--- Exercise prompt ---
Could you repeat the listing below exactly while leaving its pictures behind?

--- Dataset records ---
######

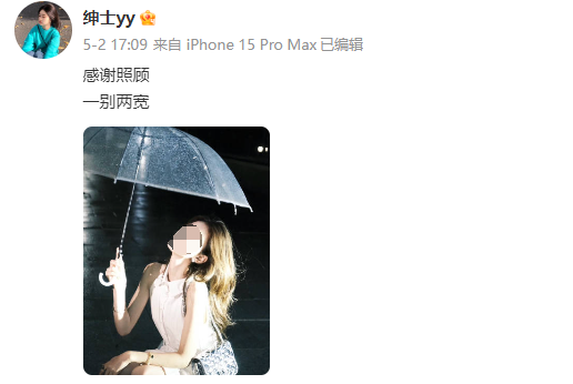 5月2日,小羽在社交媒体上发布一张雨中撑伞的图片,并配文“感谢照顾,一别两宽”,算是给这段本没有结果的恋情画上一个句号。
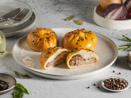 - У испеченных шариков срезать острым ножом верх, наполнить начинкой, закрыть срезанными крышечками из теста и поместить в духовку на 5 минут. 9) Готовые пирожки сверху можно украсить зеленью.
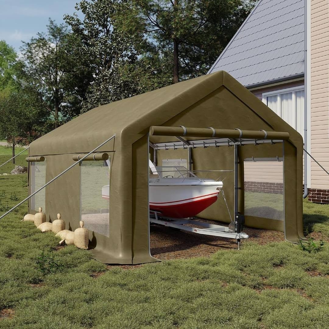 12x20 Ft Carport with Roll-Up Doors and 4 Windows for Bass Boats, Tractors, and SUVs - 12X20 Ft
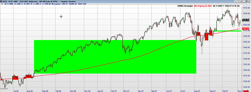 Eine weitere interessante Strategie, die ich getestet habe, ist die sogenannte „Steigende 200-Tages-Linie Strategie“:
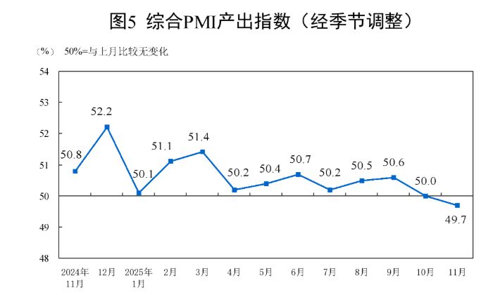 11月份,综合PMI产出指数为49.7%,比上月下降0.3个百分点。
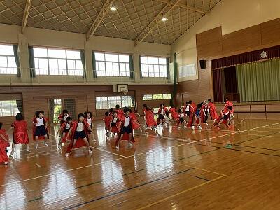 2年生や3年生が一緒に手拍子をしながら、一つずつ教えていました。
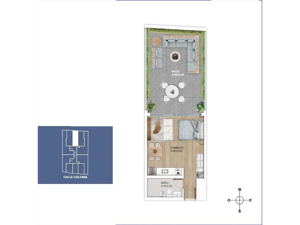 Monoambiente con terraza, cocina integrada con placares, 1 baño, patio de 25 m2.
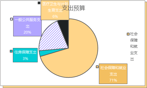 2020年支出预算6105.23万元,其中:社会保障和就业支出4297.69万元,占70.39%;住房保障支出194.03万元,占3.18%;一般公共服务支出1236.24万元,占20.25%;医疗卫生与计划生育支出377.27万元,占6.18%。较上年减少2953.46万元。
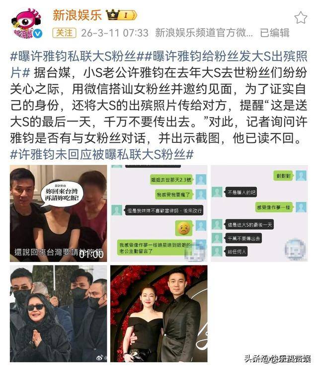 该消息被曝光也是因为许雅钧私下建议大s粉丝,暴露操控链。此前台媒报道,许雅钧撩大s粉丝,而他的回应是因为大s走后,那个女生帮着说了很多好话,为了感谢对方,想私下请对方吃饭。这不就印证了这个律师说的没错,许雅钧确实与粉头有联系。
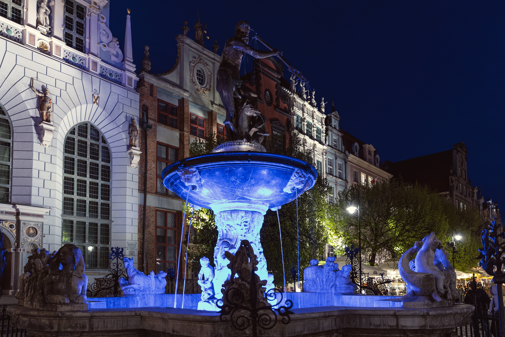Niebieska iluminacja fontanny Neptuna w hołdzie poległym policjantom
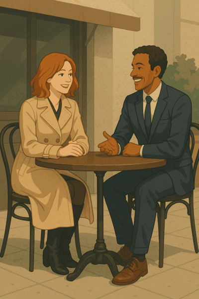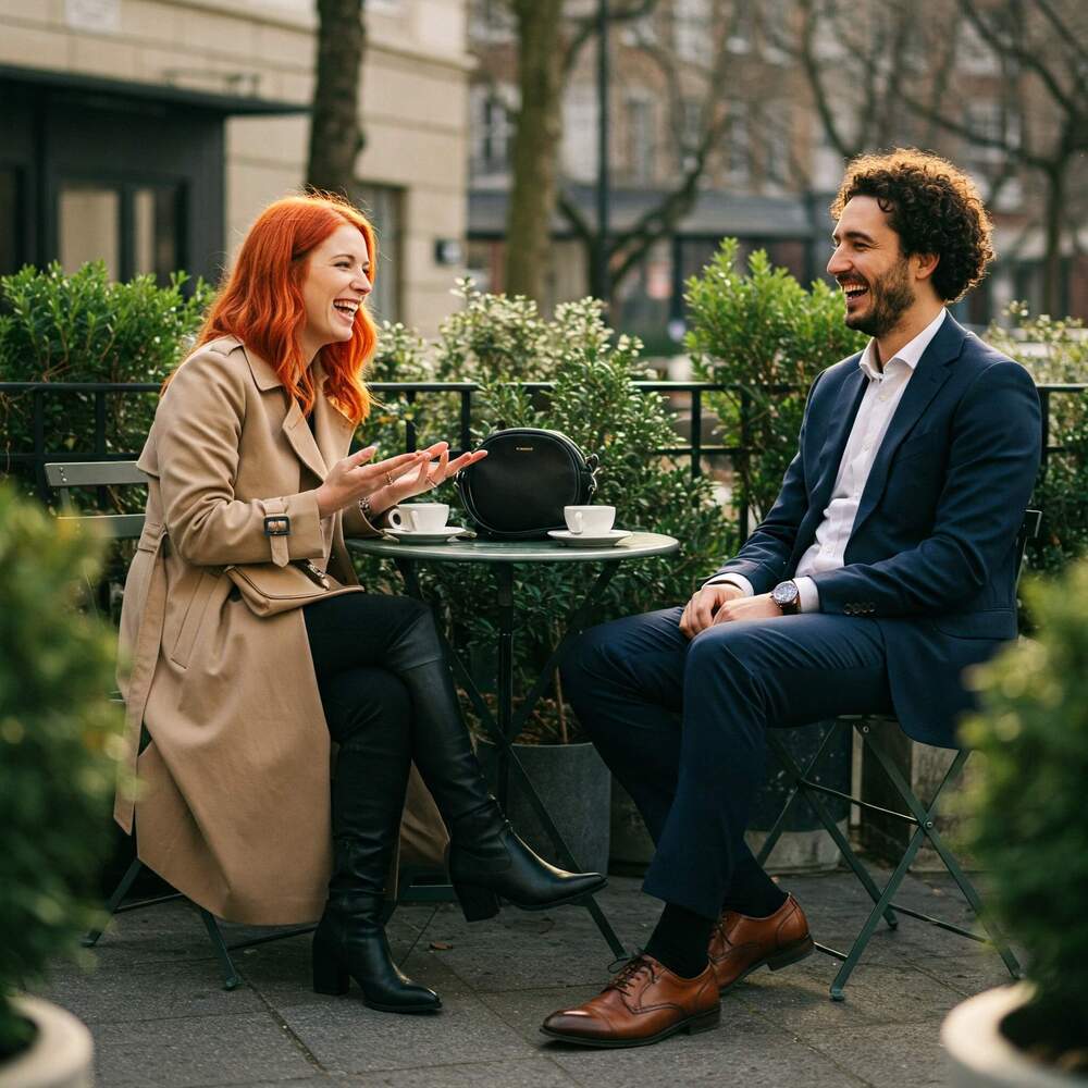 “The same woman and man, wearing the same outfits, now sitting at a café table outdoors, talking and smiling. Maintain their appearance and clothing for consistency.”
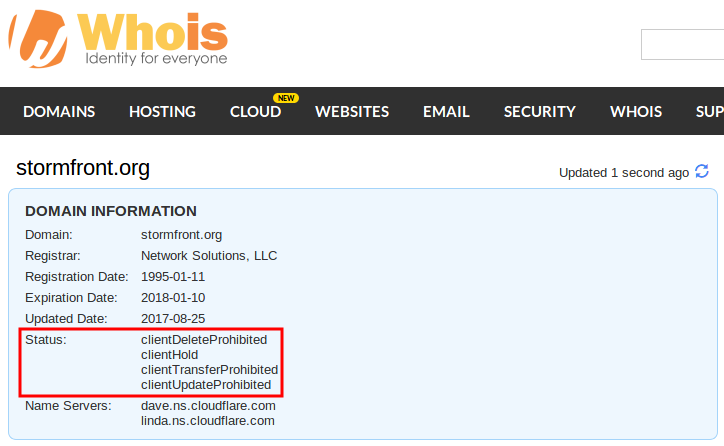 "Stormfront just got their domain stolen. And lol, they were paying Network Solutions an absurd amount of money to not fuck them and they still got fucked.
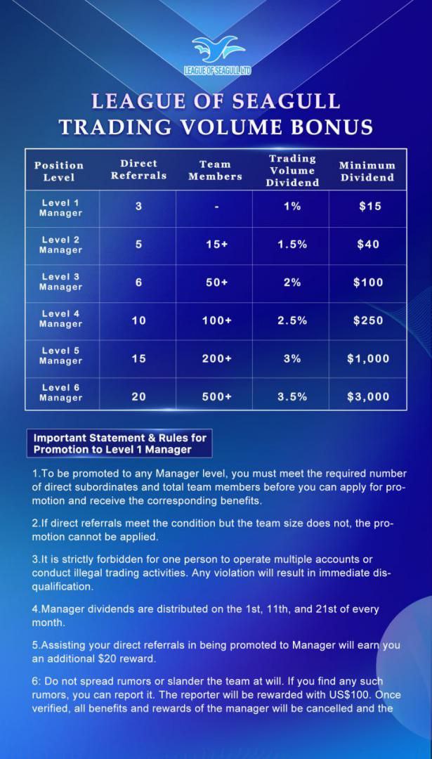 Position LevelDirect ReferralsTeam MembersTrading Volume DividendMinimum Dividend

######

--- Answer to the problem ---
 5月2日,小羽在社交媒体上发布一张雨中撑伞的图片,并配文“感谢照顾,一别两宽”,算是给这段本没有结果的恋情画上一个句号。
 - У испеченных шариков срезать острым ножом верх, наполнить начинкой, закрыть срезанными крышечками из теста и поместить в духовку на 5 минут. 9) Готовые пирожки сверху можно украсить зеленью.
 12x20 Ft Carport with Roll-Up Doors and 4 Windows for Bass Boats, Tractors, and SUVs - 12X20 Ft
 Eine weitere interessante Strategie, die ich getestet habe, ist die sogenannte „Steigende 200-Tages-Linie Strategie“:
 11月份,综合PMI产出指数为49.7%,比上月下降0.3个百分点。
 2年生や3年生が一緒に手拍子をしながら、一つずつ教えていました。
 Monoambiente con terraza, cocina integrada con placares, 1 baño, patio de 25 m2.
 2020年支出预算6105.23万元,其中:社会保障和就业支出4297.69万元,占70.39%;住房保障支出194.03万元,占3.18%;一般公共服务支出1236.24万元,占20.25%;医疗卫生与计划生育支出377.27万元,占6.18%。较上年减少2953.46万元。
 该消息被曝光也是因为许雅钧私下建议大s粉丝,暴露操控链。此前台媒报道,许雅钧撩大s粉丝,而他的回应是因为大s走后,那个女生帮着说了很多好话,为了感谢对方,想私下请对方吃饭。这不就印证了这个律师说的没错,许雅钧确实与粉头有联系。
Niebieska iluminacja fontanny Neptuna w hołdzie poległym policjantom
 “The same woman and man, wearing the same outfits, now sitting at a café table outdoors, talking and smiling. Maintain their appearance and clothing for consistency.”
 "Stormfront just got their domain stolen. And lol, they were paying Network Solutions an absurd amount of money to not fuck them and they still got fucked.
 Position LevelDirect ReferralsTeam MembersTrading Volume DividendMinimum Dividend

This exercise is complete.